ABSTRACT
Since the summer of 2021, the workers of the ex-GKN in Campi Bisenzio (Florence, Italy) have been resisting the closure of their plant and fighting to establish a new form of environmentally sustainable production in Tuscany. Throughout, they have been struggling to achieve an ecological transition for the Italian industrial sector. Due to the intensity of their struggle, and the potential for institutional transformation it holds, the ex-GKN case contains echoes of Argentina’s empresas recuperadas movement (worker-recuperated enterprises, WREs) and Brazil’s Movimento Sem Terra (Landless Workers’ Movement, MST), rather than the older negotiated workers’ buy-outs (WBOs) that have existed in Italy for several decades.
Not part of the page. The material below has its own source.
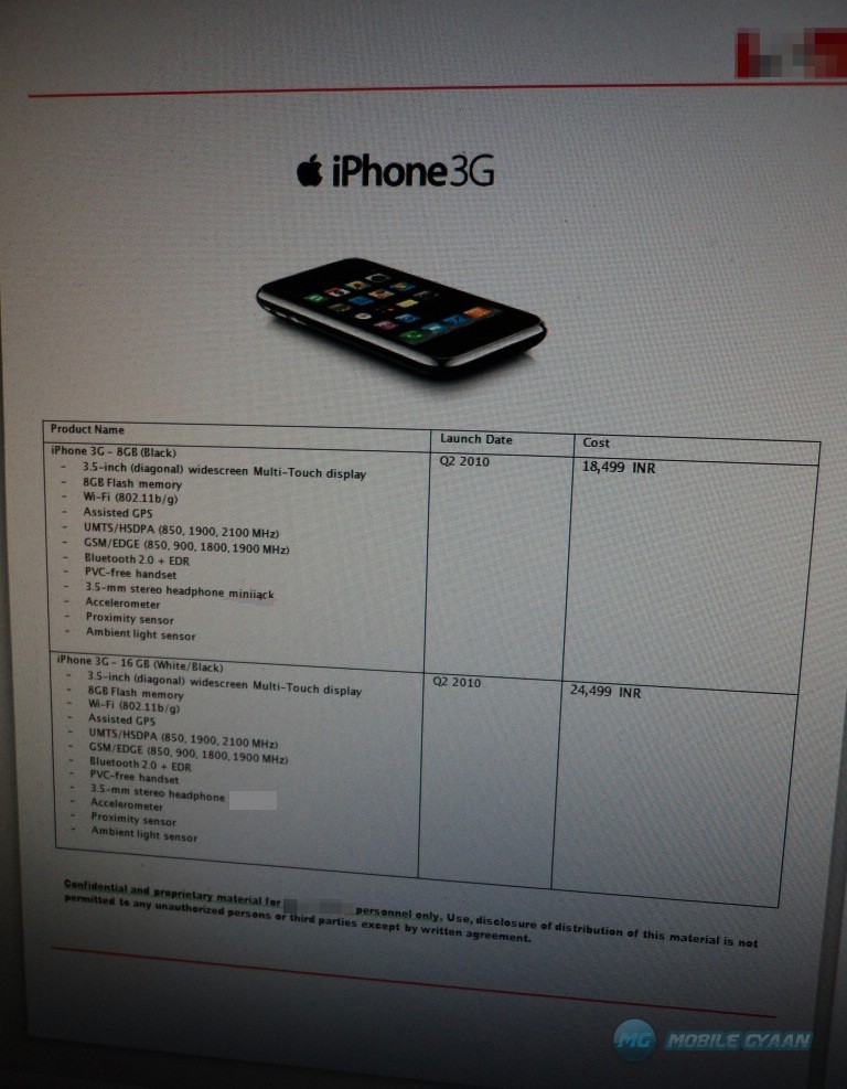 Now , there are fresh rumors that the iPhone 3G (older model) getting a major price cut in India . There are some leaked documents which show the new pricing for the Airtel iPhone 3G. The price of the iPhone 3G is as cheap as Rs.18499 more than 10000 rupees lesser than the current price .

This has been the case even with the possibility in Italy of tapping into public funds and the legal recognition of WBOs for qualifying conversion projects via the Legge Marcora (Marcora Law) framework.
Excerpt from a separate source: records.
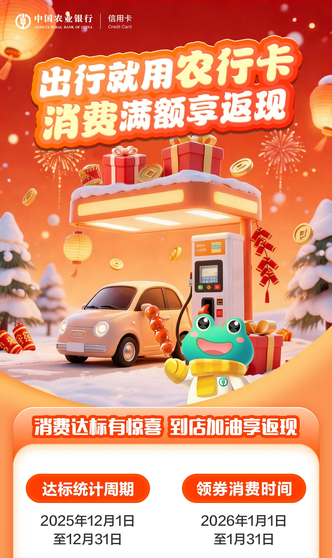 • 参与条件:需要在2025年12月用农行信用卡累计消费满3000元。这个门槛对于大部分持卡人来说并不高,正常消费很容易达到。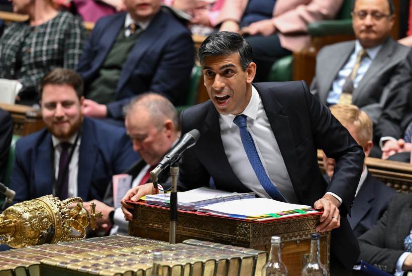 By now Rishi was talking with all the conviction of a menswear dummy. ‘I’m happy to go over it for him again,’ he pleaded. Sir Keir duly swung at him again.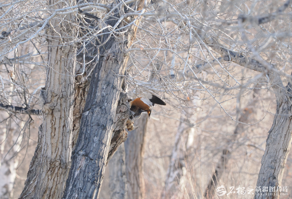 4月6日,新疆鸟友在布尔津县拍鸟时,偶遇一只赤麻鸭飞到了树上。袁俊萍 摄

Our contribution highlights the main commonalities and differences of their recuperation process with the avenues forged by WREs and the MST for creating a worker cooperative. Via participant observation of the three reindustrialization plans envisioned and elaborated by the ex-GKN workers since 2021, this chapter offers an overview of their factory’s recovery strategy that merges industrial workers’ control with proposals for environmentally sustainable production. We pay particular attention to the new markets the ex-GKN workers have proposed entering, namely, the renewable energy sector and the provision of cargo bikes for sustainable and inclusive logistics. As of this writing , the struggle for sustainability continues at GKN.